<<<<

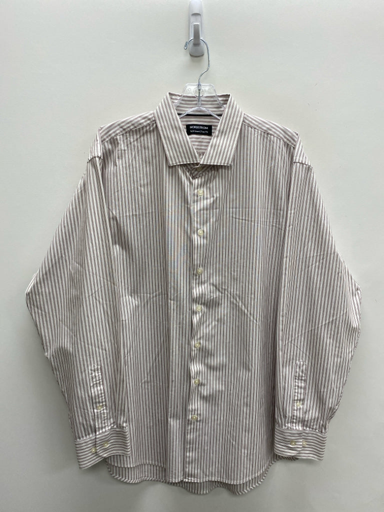 Nordstrom Size 17.5 White Burgundy Striped Button Up Men's Long Sleeve Shirt
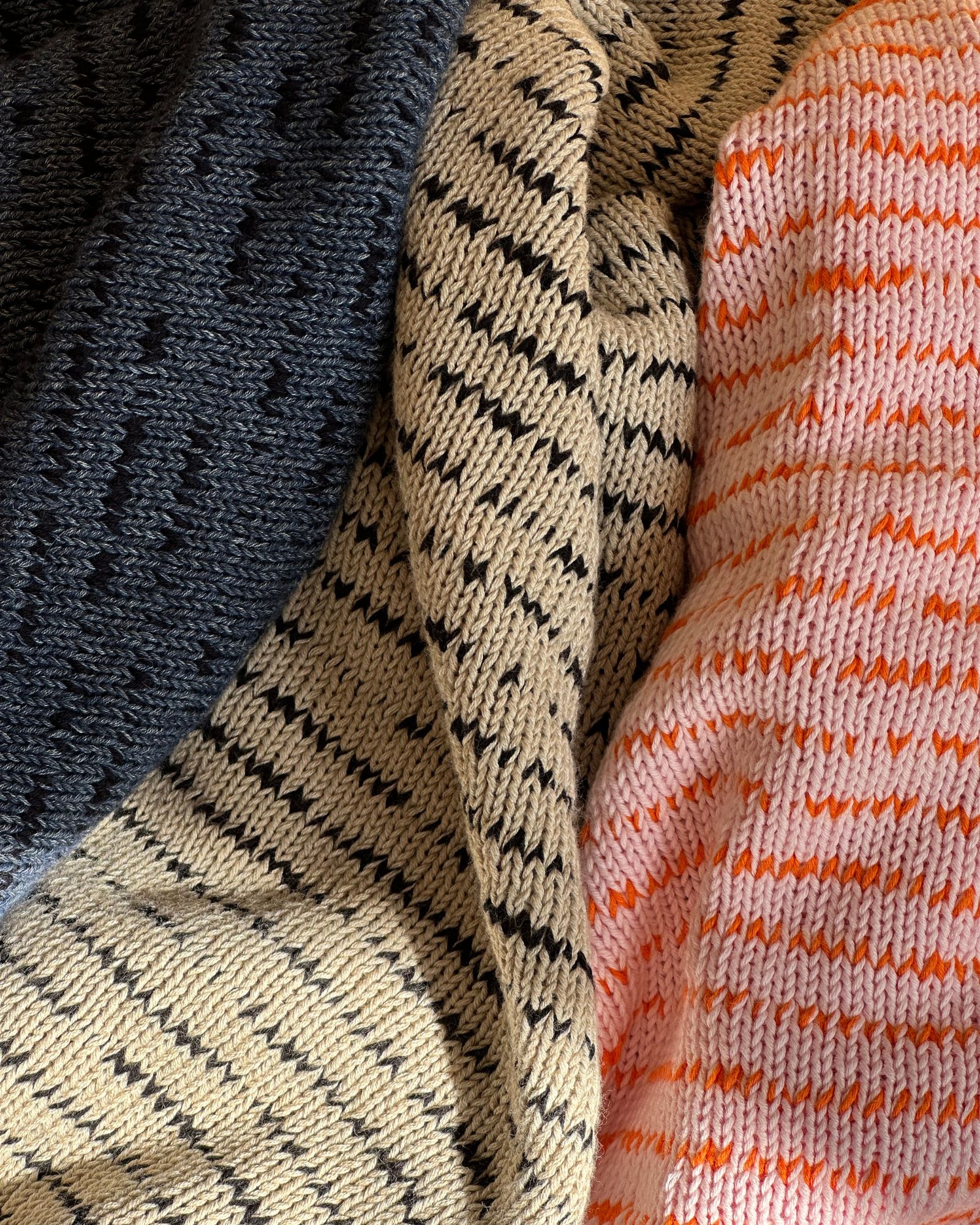 For at få det melerede mønster til at træde tydeligt frem, er det en fordel at vælge to farver med god kontrast mellem bundfarve og mønsterfarve. Det skaber et flot farvespil og fremhæver striberne på en levende og elegant måde – især når farverne får lov at arbejde med hinanden i garnets struktur.
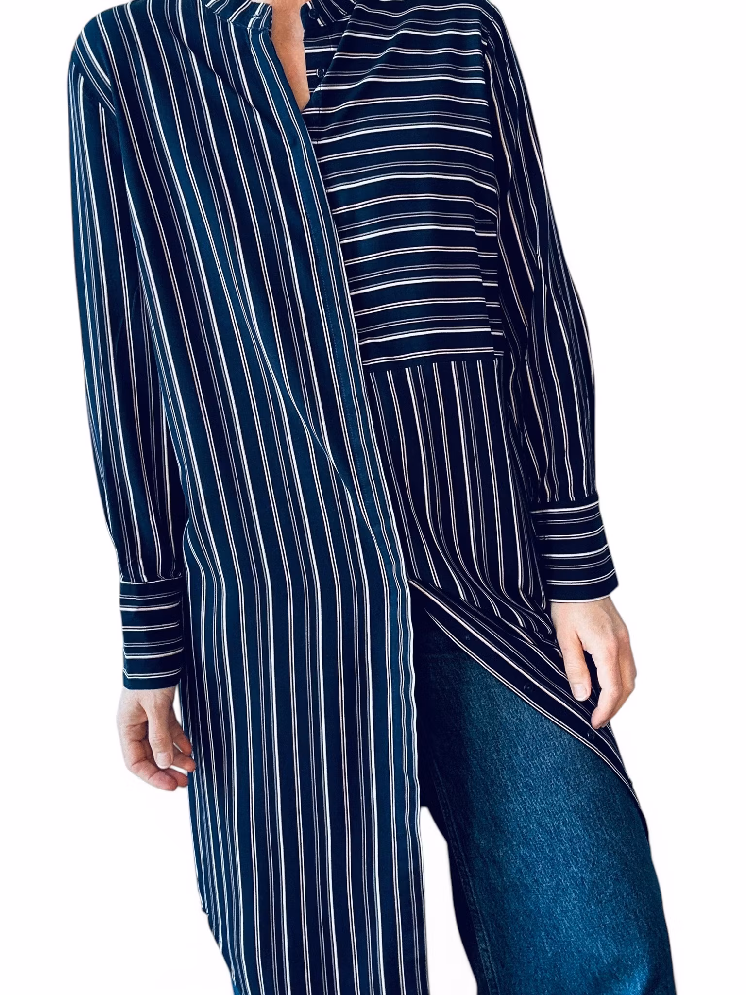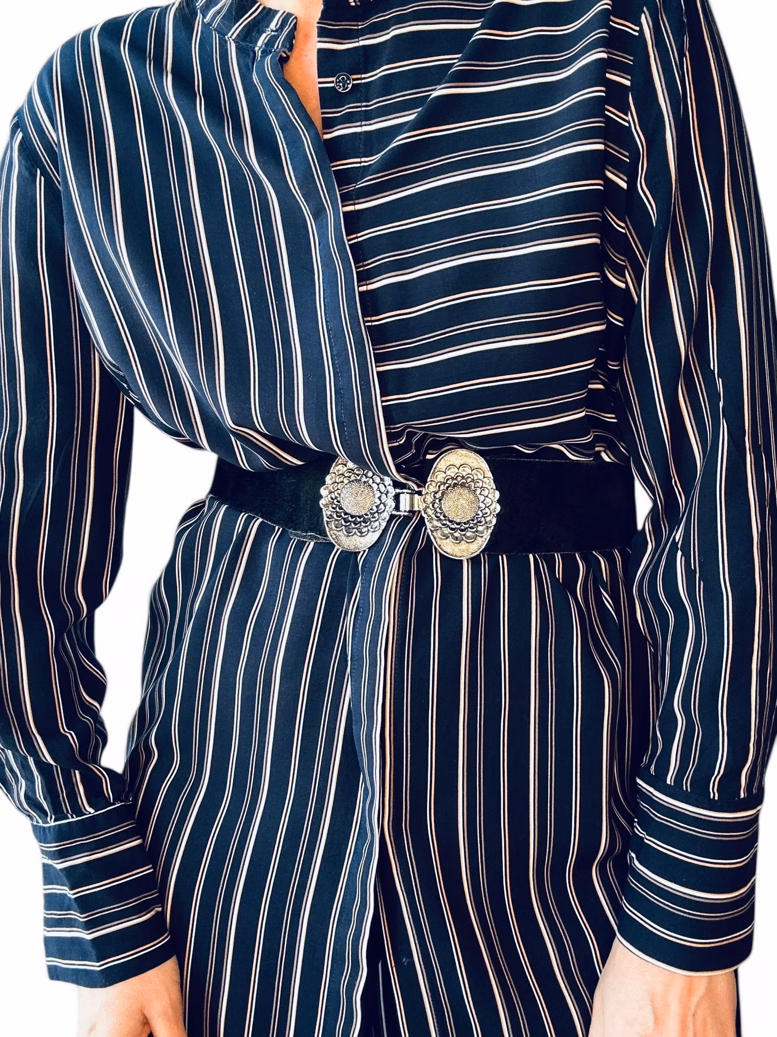 Sökord: Skjortklänning, randig klänning, Liberté Essentiel, viskosklänning, navy striped dress, long shirt dress, hållbart mode, second hand.
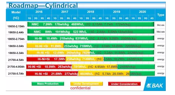 以下是比克動(dòng)力電池產(chǎn)品技術(shù)及能量密度路線圖:
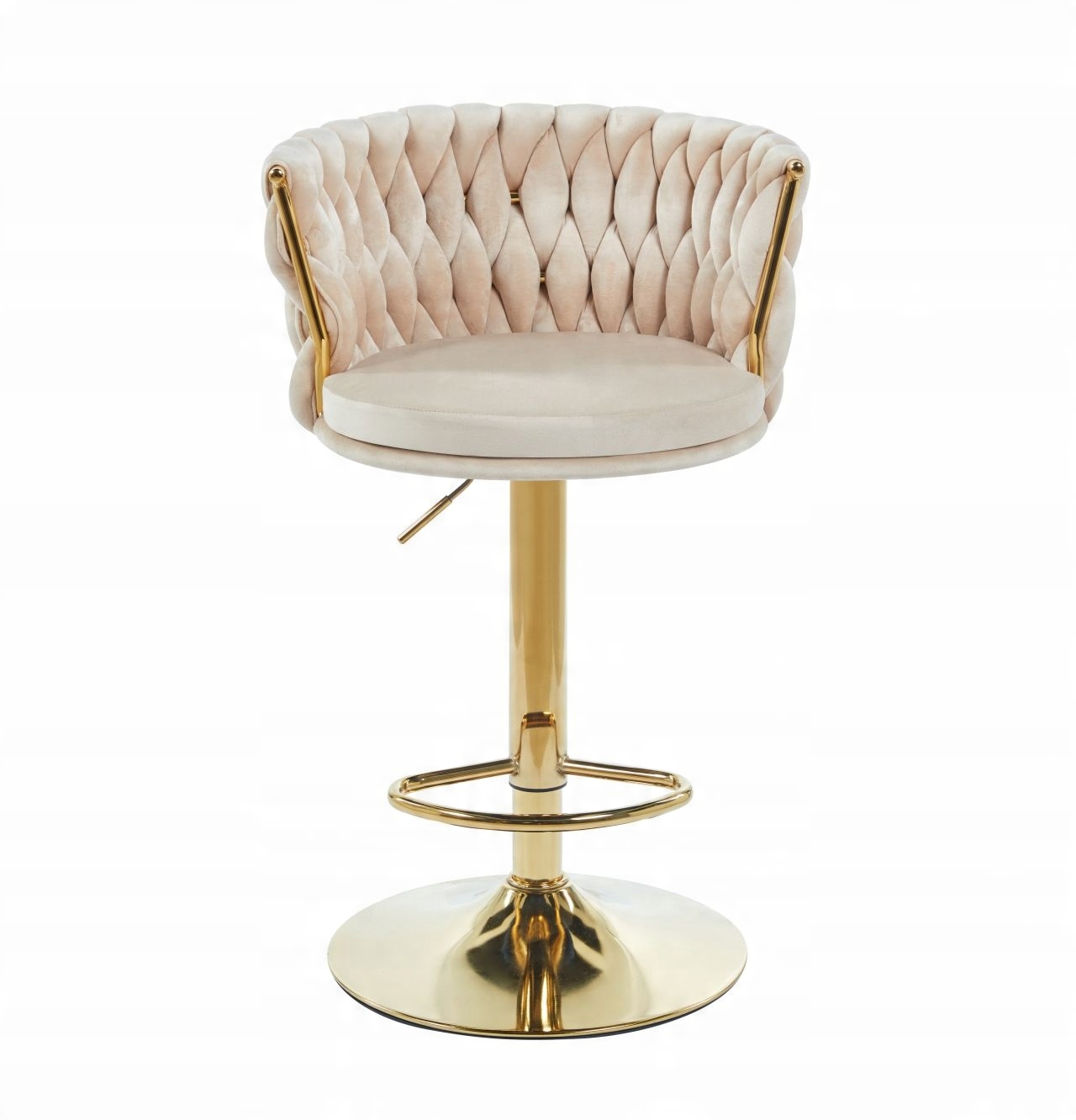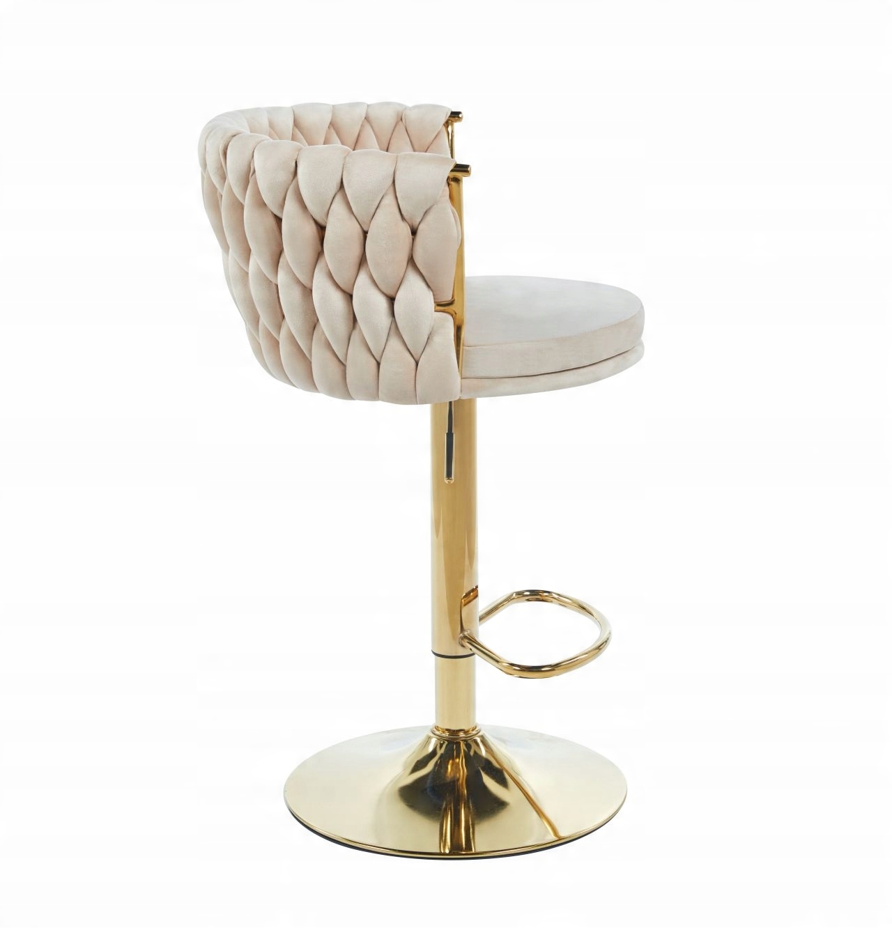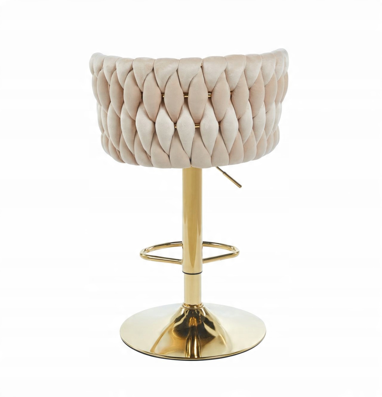 Hoker Welurowy Obrotowy Przeplatany Beżowy Złoty Stelaż

>>>>

• **Problem statement**
Reproduce the data above line for line, from its first line through the line containing "For at få det", both ends included, with the pictures omitted and nothing more.

• **Response to this exercise**
 Nordstrom Size 17.5 White Burgundy Striped Button Up Men's Long Sleeve Shirt
 For at få det melerede mønster til at træde tydeligt frem, er det en fordel at vælge to farver med god kontrast mellem bundfarve og mønsterfarve. Det skaber et flot farvespil og fremhæver striberne på en levende og elegant måde – især når farverne får lov at arbejde med hinanden i garnets struktur.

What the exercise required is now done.